Domenico Bartoli (3 March 1912 - 9 July 1989) was an Italian journalist and essayist. In 1960 he became the director of Il Resto del Carlino, a Bologna-based mass-circulation daily newspaper, remaining in the position for ten years.[1] [2]
Bartoli was born at Turin. His journalistic career started in 1933 when he joined the Corriere della Sera.[3] The next year the papers sent him to report from China. Then, "due to the complication of the political situation" he was replaced in China, after a brief hiatus, by Luigi Barzini Jr. Instead Bartoli was now sent to report on the Italo-Abyssinian War. After the conclusion of that war, he worked as a war correspondent on a succession of assignments, notably in central Africa, till 1943.[3] Perhaps his greatest scoop concerned a domestic matter, however. On 24 July 1943, the Grand Council met in the anteroom of Mussolini's office in the Palazzo Venezia. For the first time in the history of the Grand Council, neither the leader's "musketeers", nor any detachment of the "M" battalions were present. Mussolini did not want a stenographer, so no minutes were taken.[4] A remarkably detailed report of the momentous meeting, which had ended in Mussolini's removal from power, was nevertheless made public on the front page of the Corriere della Sera a few days later. The name at the foot of the report was that of Domenico Bartoli. It later became clear that Bartoli had for many years enjoyed access to high level contacts among the monarchist and military elements in the Italian establishment, and he must have used these to prepare his report. Commentators were not all slow to point out the irony that a journalist who for twenty years been trusted by senior movers and shakers of fascist Italy was now the first to report the leader's downfall.[2]
Following the Fall of the Fascist regime, 1943, Domenico Bartoli was a co-founder with Mario Pannunzio (and others) of a new Rome-based daily newspaper, the Risorgimento Liberale.[1] [5] The early years were difficult: after the events of 8 September 1943, which ushered in a partition of Italy, it became necessary to print the paper clandestinely. Only after allied troops liberated Rome on 4 June 1944 did regular daily publication resume.[6] Still with the Corriere, between 1951 and 1956 he was based in London as the paper's correspondent there. One outcome of his lengthy stay in the English capital was a long thoughtful essay about the country, informed by a certain liberal perspective: "L'Inghilterra senza impero" ("England without the empire").[1] He then switch to the Turin-based national daily newspaper, La Stampa, reporting till 1960 from Paris. His next journalistic posting was to Bologna where, in succession to Giovanni Spadolini he worked as editor-in-chief at Il Resto del Carlino, another venerable daily newspaper of the Italian centre-right.[1] During his time in charge the designer Giuseppe Trevisani was employed to provide a completely new look for the newspaper in order to make it suitable for publication using a modern offset printing system.[7]
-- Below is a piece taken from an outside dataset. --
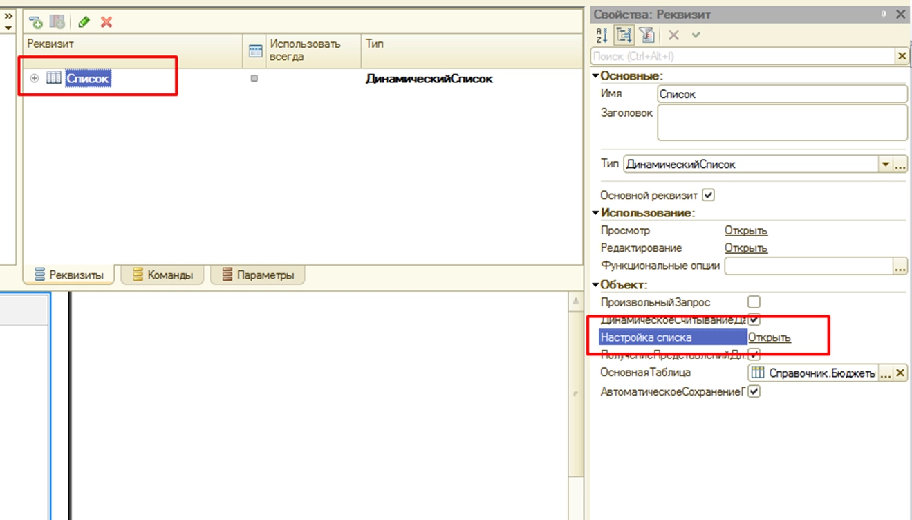 Принцип установки фиксированного отбора в конфигураторе не отличается от установки в пользовательском режиме описанном выше. Чтобы установить отбор, мы должны открыть настройки динамического списка.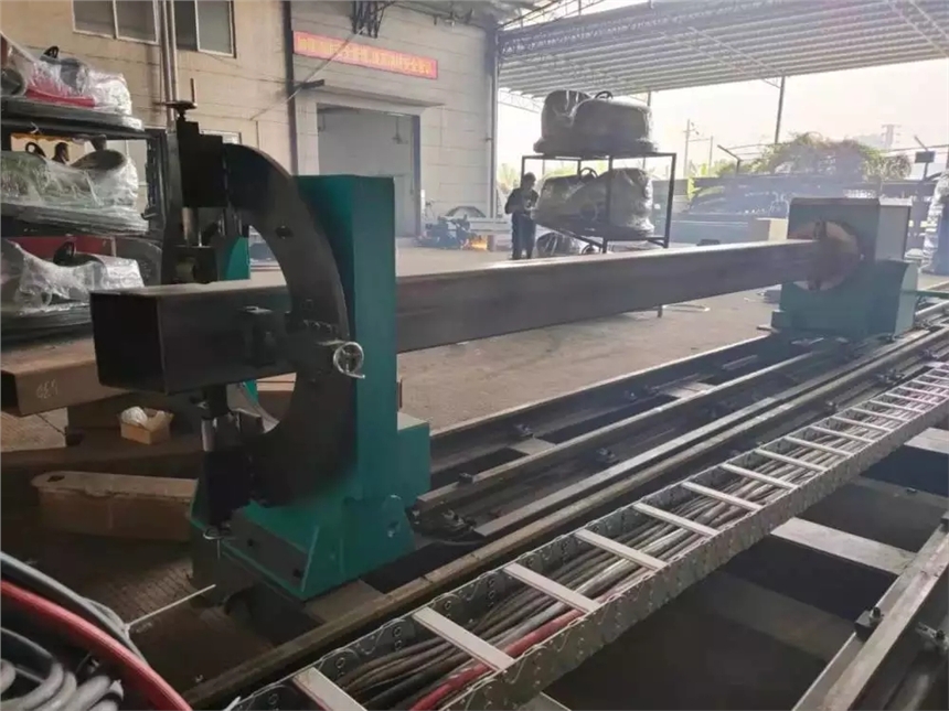 配备等离子和火焰两种切割方式,等离子可以切割坡口角度为±45°,火焰切割端部坡口角度为±60°,火焰开孔角度为±55°。机器有效的切长度为6m、9m和12m。

While Enzo Biagi took over control at the Resto del Carlino, in 1970 Bartoli was appointed editor-director at La Nazione in succession to Enrico Mattei, remaining in post for slightly under 7 years.[1] During this period he also wrote regularly for the mass-circulation weekly magazine Epoca, in which his contributions appeared in a column headed "L'Italia allo specchio" (loosely, "Mirror on Italy").[1]